In an 8-week controlled study in 201 pediatric patients (aged 6-17 years) with insomnia associated with attention-deficit/hyperactivity disorder (ADHD), an oral solution of zolpidem tartrate dosed at 0.25mg/kg at bedtime did not decrease sleep latency compared to placebo. Ten patients on zolpidem (7.4%) discontinued treatment due to an adverse reaction.
Psychiatric and nervous system disorders comprised the most frequent (>5%) treatment emergent adverse reactions observed with zolpidem versus placebo and included dizziness (23.5% vs. 1.5%), headache (12.5% vs. 9.2%), and hallucinations reported in 7% of the pediatric patients who received zolpidem; none of the pediatric patients who received placebo reported hallucinations [see Warnings and Precautions].
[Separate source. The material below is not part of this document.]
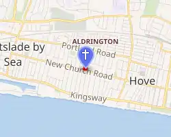 In 2000 the Brighton and Hove Deaneries Pastoral Strategy Review Group was established on the instruction of the Diocese of Chichester to consider the future of churches in the two deaneries. The group's report, published in June 2003, recommended the closure of St Philip's Church and its conversion to alternative uses. This conclusion was based on its proximity to St Leonard's Church (whose status as an ancient parish church gave it more importance within the deanery) and the inability of the churches to cover their maintenance and other costs.[20] As of 2012, the church is still open, and offers two services every Sunday.[21] The parish is bounded by Portland Road, Westbourne Street, Westbourne Place, the seafront, Wish Road and Coleman Avenue on the borders of Hove and Aldrington.[22]

A total of 154 patients in U.S. controlled clinical trials and 897 patients in non-U.S. clinical trials who received oral zolpidem were ≥60 years of age. For a pool of U.S. patients receiving zolpidem tartrate at doses of ≤10 mg or placebo, there were three adverse events occurring at an incidence of at least 3% for zolpidem and for which the zolpidem incidence was at least twice the placebo incidence (i.e., they could be considered drug-related).
A total of 30/1,959 (1.5%) non-U.S. patients receiving zolpidem tartrate reported falls, including 28/30 (93%) who were ≥70 years of age. Of these 28 patients, 23 (82%) were receiving zolpidem doses >10 mg. A total of 24/1,959 (1.2%) non-U.S. patients receiving zolpidem reported confusion, including 18/24 (75%) who were ≥70 years of age. Of these 18 patients, 14 (78%) were receiving zolpidem doses >10 mg.
The dose of Edluar in elderly patients is 5 mg to minimize adverse effects related to impaired motor and/or cognitive performance and unusual sensitivity to sedative/hypnotic drugs [see Dosage and Administration (2), Warnings and Precautions Clinical Pharmacology and Clinical Studies].
Gender Difference in Pharmacokinetics
Women clear zolpidem tartrate from the body at a lower rate than men, Cmax and AUC parameters of zolpidem were approximately 45% higher at the same dose in female subjects compared with male subjects. Given the higher blood levels of zolpidem tartrate in women compared to men at a given dose, the recommended dose of Edluar for adult women is 5 mg, and the recommended dose for adult men is 5 or 10 mg.
In geriatric patients, clearance of zolpidem is similar in men and women. The recommended dose of Edluar in geriatric patients is 5 mg regardless of gender.